--- Dataset section ---
━━━━

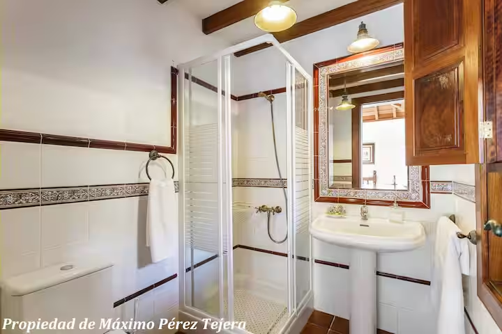 Cuenta con una piscina privada de 73 m2 y de una barbacoa para comidas especiales. La casa dispone de tres dormitorios; uno de ellos de matrimonio, tres baños, cocina, salón, y una pequeña habitación para la lavadora y utensilios.
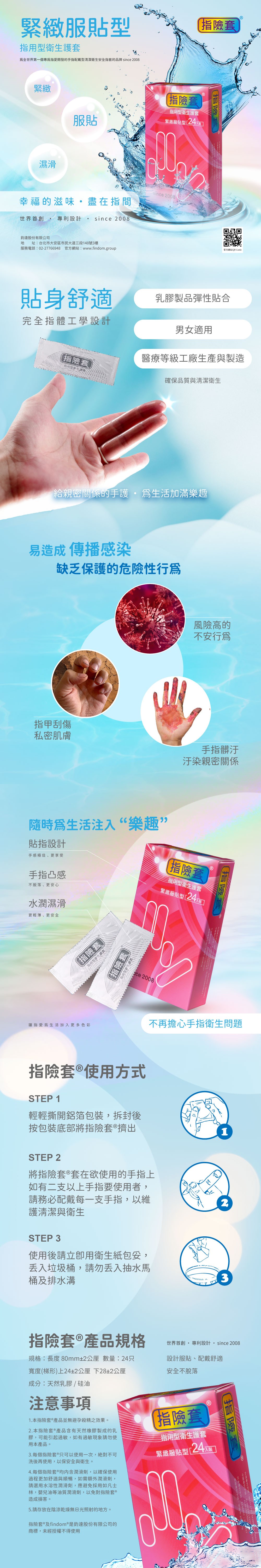•每個指險套均內含潤滑劑, 以確保使用過程更加舒適與順暢, 如需額外潤滑劑, 請選用 水溶性潤滑劑, 應避免採用凡士林, 嬰兒油等油質潤滑劑, 以免對指險套®造成傷害
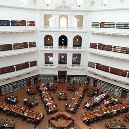 สถานที่ท่องเที่ยวอีกที่นึงในเมือง melbourne ค่ะ อยู่ในเมืองเลย สามารถนั่งบัสหรือเดินมาได้ค่ะ ห้องสมุดยังเป็นสถานที่ที่ใช้งานกันจริงๆนะคะ คนมาอ่านหนังสือกันเต็มเกือบทุกโต๊ะค่ะ เพราะฉะนั้นเวลาเดิน/ถ่ายรูป จะห้ามเปิดแฟรช ห้ามใช้เสียงดังค่ะ สถานที่ทำมาสวยมากจริงๆ มีหลายชั้น สามารถเดินขึ้นมาเพื่อนถ่ายรูปมุมอื่นๆได้ และด้านในมีร้านกาแฟด้วยนะคะ แต่คนค่อนข้างจะเยอะเลยดูเพิ่มเติม

━━━━

--- The task ---
Reproduce the listing exactly. Leave its pictures out.

--- Answer section ---
 Cuenta con una piscina privada de 73 m2 y de una barbacoa para comidas especiales. La casa dispone de tres dormitorios; uno de ellos de matrimonio, tres baños, cocina, salón, y una pequeña habitación para la lavadora y utensilios.
•每個指險套均內含潤滑劑, 以確保使用過程更加舒適與順暢, 如需額外潤滑劑, 請選用 水溶性潤滑劑, 應避免採用凡士林, 嬰兒油等油質潤滑劑, 以免對指險套®造成傷害
 สถานที่ท่องเที่ยวอีกที่นึงในเมือง melbourne ค่ะ อยู่ในเมืองเลย สามารถนั่งบัสหรือเดินมาได้ค่ะ ห้องสมุดยังเป็นสถานที่ที่ใช้งานกันจริงๆนะคะ คนมาอ่านหนังสือกันเต็มเกือบทุกโต๊ะค่ะ เพราะฉะนั้นเวลาเดิน/ถ่ายรูป จะห้ามเปิดแฟรช ห้ามใช้เสียงดังค่ะ สถานที่ทำมาสวยมากจริงๆ มีหลายชั้น สามารถเดินขึ้นมาเพื่อนถ่ายรูปมุมอื่นๆได้ และด้านในมีร้านกาแฟด้วยนะคะ แต่คนค่อนข้างจะเยอะเลยดูเพิ่มเติม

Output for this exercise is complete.